It is a momentous day here at Midnight Rambler. Are you ready for it? I got my second follower!! Welcome, Jen of Haute Whimsy. (And there was much fanfare! I am picturing lots of confetti and party horns and fun hats. And virtual confetti is fantastic because there is no mess afterward!) [There were other photos indicating fanfare, but this one made me smile the most. So there you have it.]
So all this excitement reminded me that I use Google Analytics to track the vast amounts of traffic on my blog. Last I looked, I think I had had, oh, maybe 50 visitors, with most of those being myself before logging in as myself. I hopped on over there this morning to see what was happening and who was stopping by. And, boy, did I feel bad that the top 10 or so keywords searched to reach my site were variations on a theme of "squeamish cell carcinoma." I want to send out a huge apology to anyone enduring the wait to find out how bad their squamous cell carcinoma is, who go out looking for medically certified answers, only to stumble on my rambling, squeamish thoughts. [I also feel compelled to point out that I do know I am spelling it wrong and that was totally intentional, because just the thought of some foreign cancerous thing growing on my body (and the subsequent surgery to have said growth removed ... while I was still conscious and talking to the doctor) still makes me utterly and completely squeamish.
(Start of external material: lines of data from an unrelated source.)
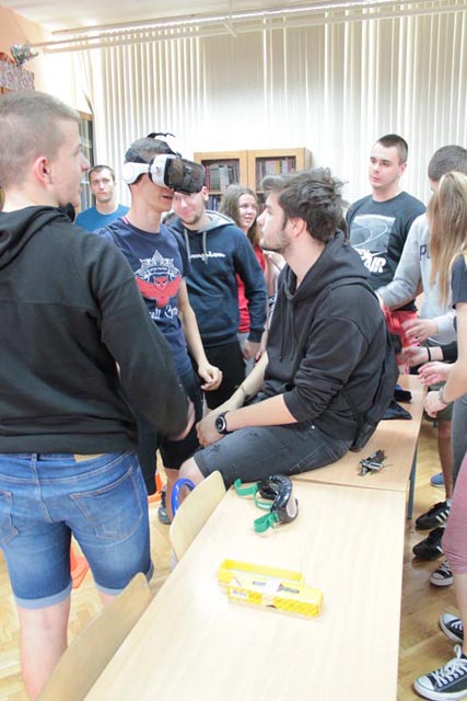 Nakon edukativnog i prevencijskog predavanja od strane djelatnika PU Osječko baranjska i provedenog mini poligona te isprobanih „pijanih naočala" i 3D naočala učenici su dijelili edukativno-prevencijske letke.
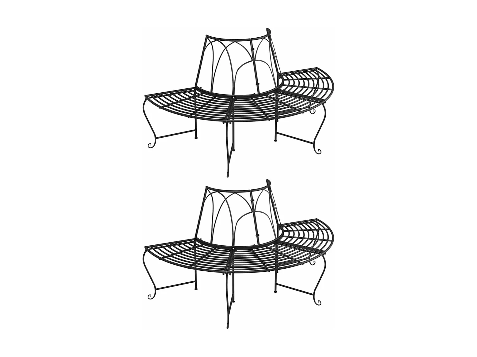 Banc demi-circulaire tour d'arbre 2 pièces Ø159 cm Noir Acier
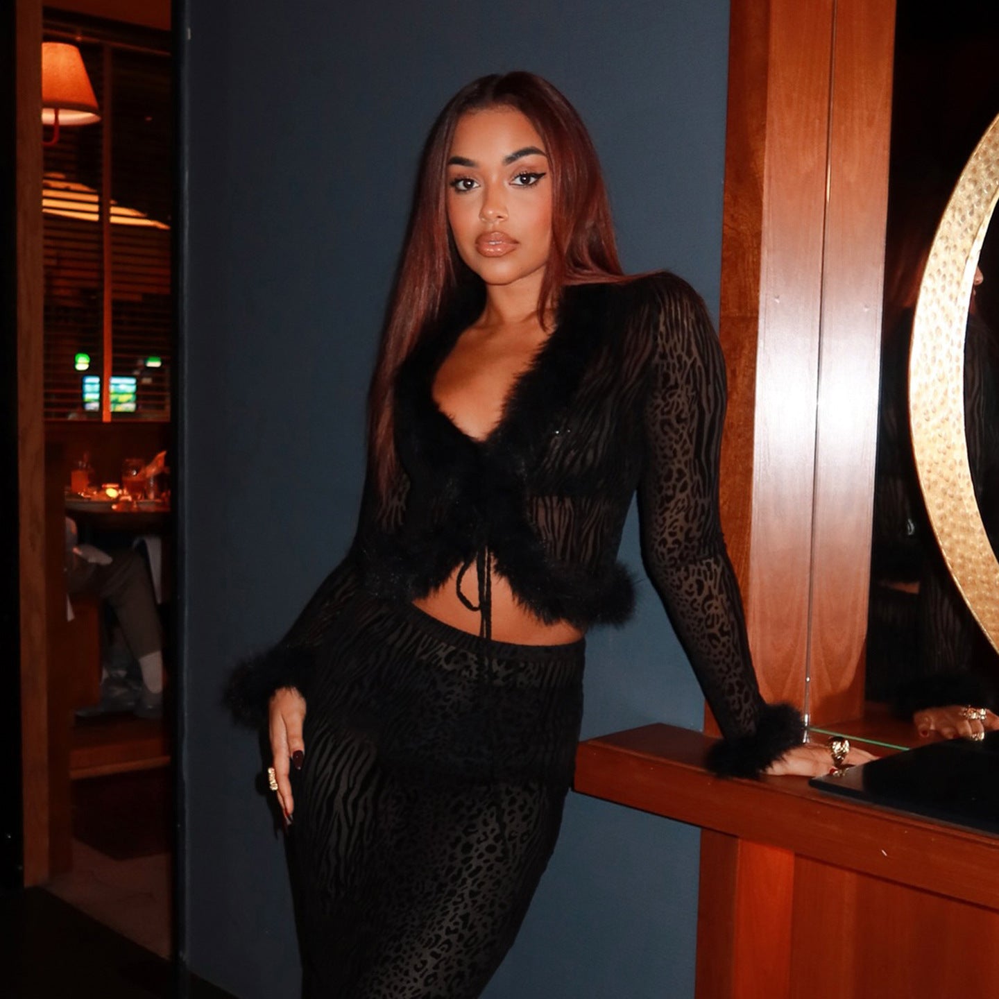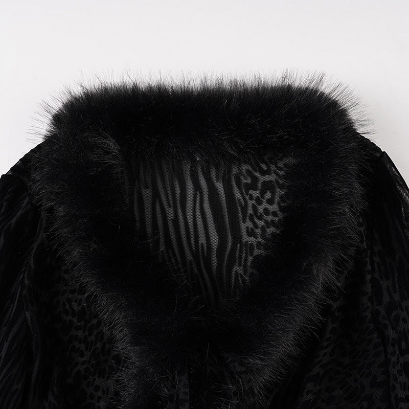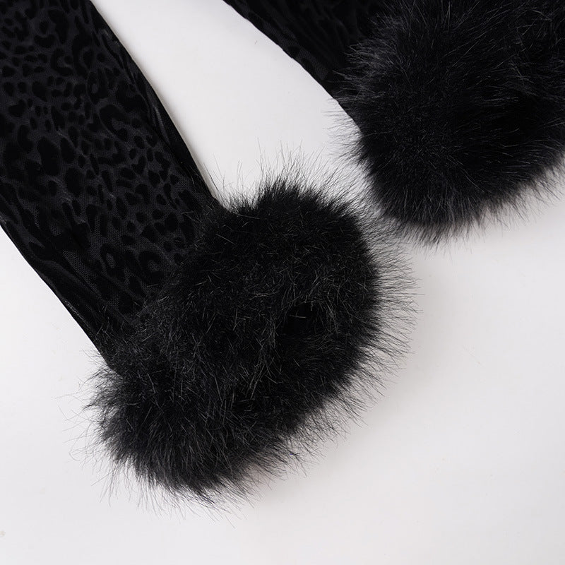 Celyne Sexy Flocking Wool Tops Lace up Cardigan Leopard Print Skirt Women Fur Stitching Two Piece Sets

Ick!]
And that thought right there never fails to get a smirk from Mr. J, who likes to remind me that I often come up with thoughts like, "I could be a crime scene investigator." (after watching CSI, of course) or "Maybe someday I'll get an aesthetician's license and earn a little extra income." (after meeting someone who did just that and loves it) Mr. J then likes to remind me that (1) I can't even think about blood and guts without flinching, and (2) I won't even pop a zit on his back without a great deal of "ewww" and "gross" and "that's disgusting" (not exactly the words you want to hear as your aesthetician works on your face, I suppose).
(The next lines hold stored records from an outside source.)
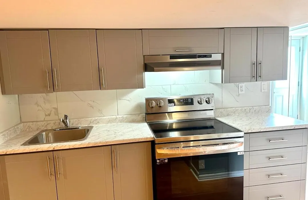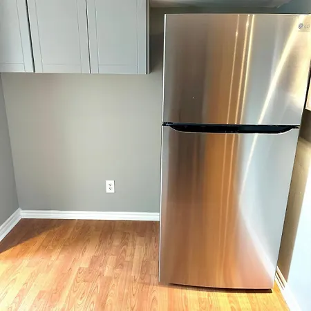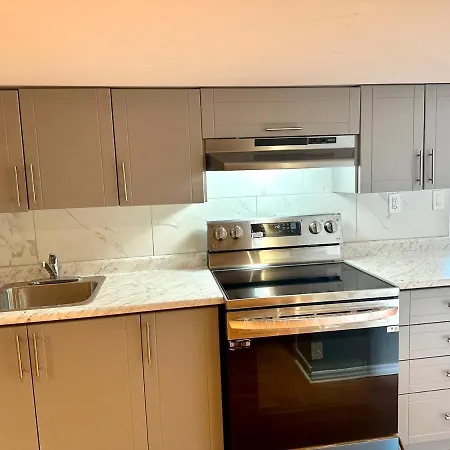 Beautiful Walkout Basement Apartment offers a fully-equipped kitchen with all necessary appliances.
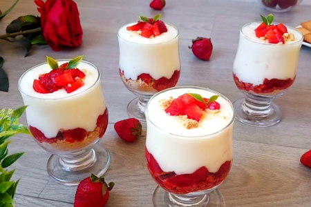 ندك نصف لتر حليب وقليل من الفراولة وجدي ألذ وأسرع تحلية رمضان بدون فرن بدون بيض ولا كريمة
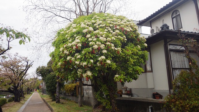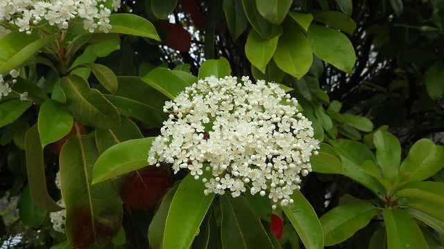 オオカナメモチです! 2026/04/09 お問い合わせをいただきました西濠南の白い花です オオカナメモチというバラ科の常緑樹で、小高木ですので3m程にしかなりません。 小さな花が集まって20㎝程の大輪となります。可愛らしい花ですね。 赤い葉がところどころに見えて、緑とのコントラストがステキです! 一覧に戻る
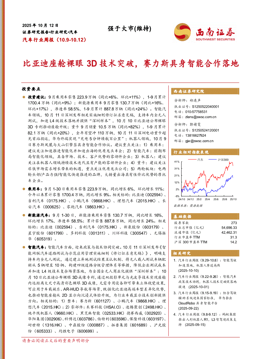 汽车行业:西南证券-汽车行业周报:比亚迪座舱裸眼3D技术突破,赛力斯具身智能合作落地-251012

This isn't a new phenomenon. Back in the day, after watching Nick Nolte and Deborah Winger in Cannery Row (I think I might need to go back to watch that movie. I remember absolutely loving it back when I was a preteen.), I decided I wanted to be a marine biologist (albeit, a marine biologist living in 1930s in pre-high-falutin' Monterey). Then, in my 20s, I went to the Monterrey Bay Aquarium and discovered that I couldn't even bring myself to pick up a starfish in the kiddie pool area (the 10-year-old boy next to me thought I was a big wuss; and he was right). Then, after seeing Raiders of the Lost Ark (are you detecting a theme, here ... other than my absolute love for parentheses and asides?), I decided I wanted to be an archaeologist, despite my absolute fear of the dark and my detestation of creepy, crawly bugs. In college, I actually took an archaeology class and discovered that not only is it incredibly tedious with memorization of a ridiculous amount of information, but also, rarely ever do you go out in the field unless you are really, really lucky (or, in my case, unlucky).
Wow, what a tangent that turned into! A few sips of coffee after a week with no coffee, and look at me go! So, welcome, Jen. Thanks for stopping by. And I really hope I win those gloves :-)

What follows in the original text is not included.